The earliest origins of United States Army Japan can be traced to General Douglas MacArthur's assumption of command of U.S. Army Forces in the Far East. In July 1941, USAFFE was established in Manila. The command was destroyed as the U.S. were defeated in the Japanese invasion of the Philippines. After the end of the Second World War, the Army Forces Far East title was resurrected as the land forces element of the Far East Command in Tokyo. When Far East Command was disestablished in 1957, several smaller U.S. Army commands were created.

U.S. Army Japan (USARJ) first appeared on 1 July 1957 as a major subordinate command of United States Army Pacific (USARPAC) in Hawaii. Reorganized in September 1968, USARJ employed a new structure to maximize operational efficiency, while keeping its existing missions and functions.

In May 1972, the reversion of Okinawa to Japanese control resulted in the realignment of the Army's Pacific commands, with HQ USARJ absorbing elements for Okinawa, adjusting the command chain. IX Corps was transferred from Okinawa, and collocated with this command, to become HQ USARJ/IX Corps.

In July 1974, a USARJ reorganization established three subordinate commands: U.S. Army Garrison, Honshu (USAGH); U.S. Army Garrison, Okinawa (USAGO); and the U.S. Army Medical Department Activity-Japan, (MEDDAC-JAPAN).

In January 1975, with the discontinuance of USARPAC, USARJ was designated a major Army command, reporting directly to the Department of the Army.

In August 1990, USARPAC was reestablished. USARJ became a major subordinate command of that headquarters, as well as continuing as the Army Component Command of U.S. Forces, Japan (USFJ). In 1994, IX Corps was replaced by 9th Theater Army Area Command. In November 1999, it was redesignated the 9th Theater Support Command (TSC). There were several minor reorganizations and redesignations over the next decade, so that by September 2001, USARJ consisted of logistics bases in Japan and Okinawa.

In September 2007, the 9th TSC was inactivated. In December 2007, I Corps (Forward) was activated in Japan in line with the Army's transformation efforts. USARJ remains headquartered at Camp Zama, where it engages in numerous bilateral activities with the Japan Ground Self-Defense Force (JGSDF), and performs duties as United States Forces Japan's Army Component Command.

Command of the 78th Signal Battalion remained with the Hawaii-based 516th Signal Brigade (formerly 1106th) and operational control remains with the commander, USARJ/9th TAAC and since December 2007, USARJ/I Corps (Forward).
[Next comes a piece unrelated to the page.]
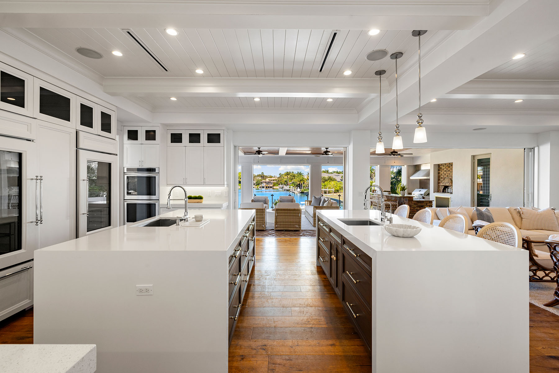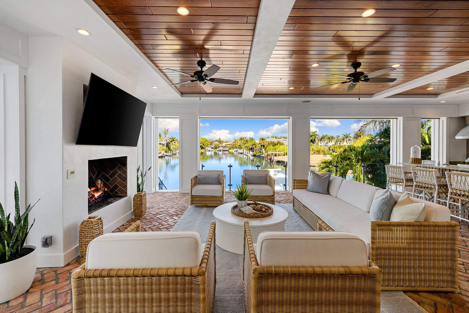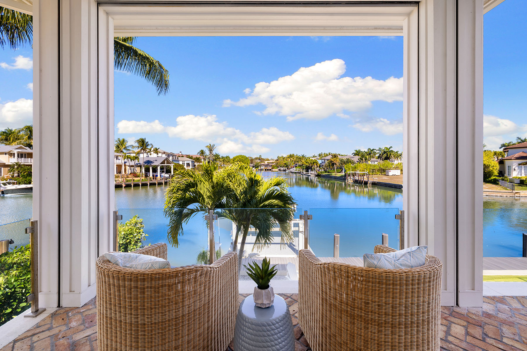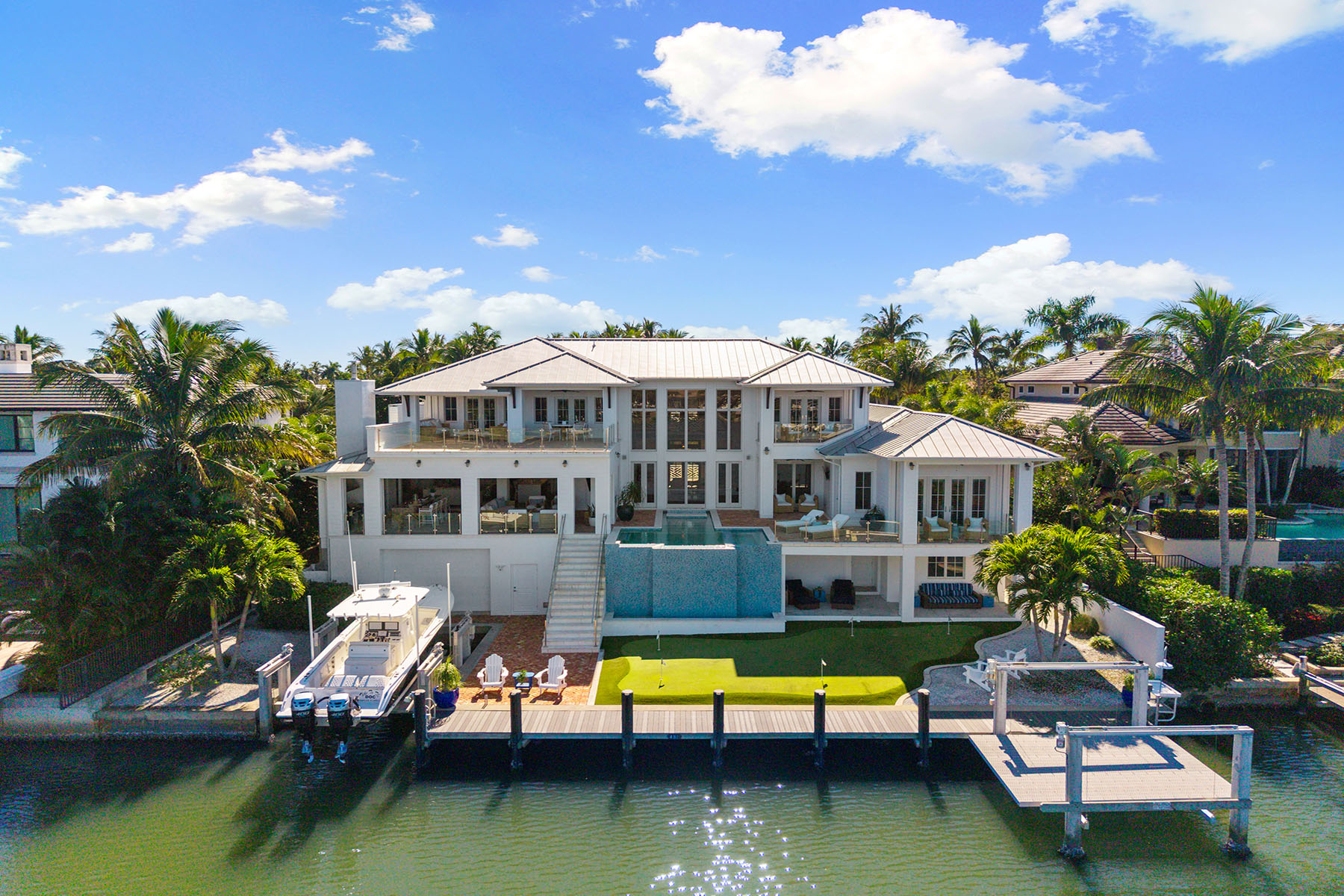 Views, Views, Views! An unparalleled expression of coastal grandeur, this extraordinary waterfront estate showcases luxury living in the heart of Aqualane Shores, one of Old Naples prestigious neighborhoods, just minutes to the Gulf of Mexico, a short distance to the beach and downtown's historic Third Avenue South. Positioned along one of the community's widest canals, this architectural masterpiece captures the essence of Old Naples elite lifestyle, where timeless design, masterful craftsmanship and effortless elegance converge. A boater's and car collector's dream, the 6,130-square-foot residence seamlessly blends old Florida charm with refined sophistication, highlighted by exquisite millwork, rich hardwood flooring, shiplap accents and tranquil water views throughout the home. Designed for grand entertaining and intimate gatherings, the open-concept layout features a dramatic two-story great room, a gourmet kitchen with dual islands, and a spacious family room flowing naturally to a covered lanai with outdoor kitchen, pizza oven and fireplace. The primary suite, on the main level, affords the utmost privacy and elegance, featuring dual dressing areas and an adjoining study that easily transitions into an additional guest suite when desired. A separate guest residence, reached by private elevator, offers a full kitchen and living area, ideal for extended stays or hosting with complete independence. Among the home's many refined appointments are a temperature-controlled 500-plus bottle wine room, a stylish wet bar, a secure safe room and an impressive 12-car garage designed for the connoisseur of fine automobiles. Outside, the resort-inspired grounds unfold with a waterfront vanishing-edge pool, spa, putting green and a private boat slip with a 34,000-pound lift offering seamless, bridge-free navigation from your backyard to the open Gulf of Mexico, where turquoise waters and endless horizons await, completing this extraordinary tropical retreat.

On 11 March 2011, a devastating magnitude 9.0 earthquake and tsunami struck the northeast coast of Japan. Within minutes, USARJ began humanitarian assistance and disaster relief operations in support of the JGSDF during Operation Tomodachi, Japan's largest-ever bilateral operation. USARJ supported the affected people after operations officially ended, by providing equipment and maintenance support to the JGSDF until September.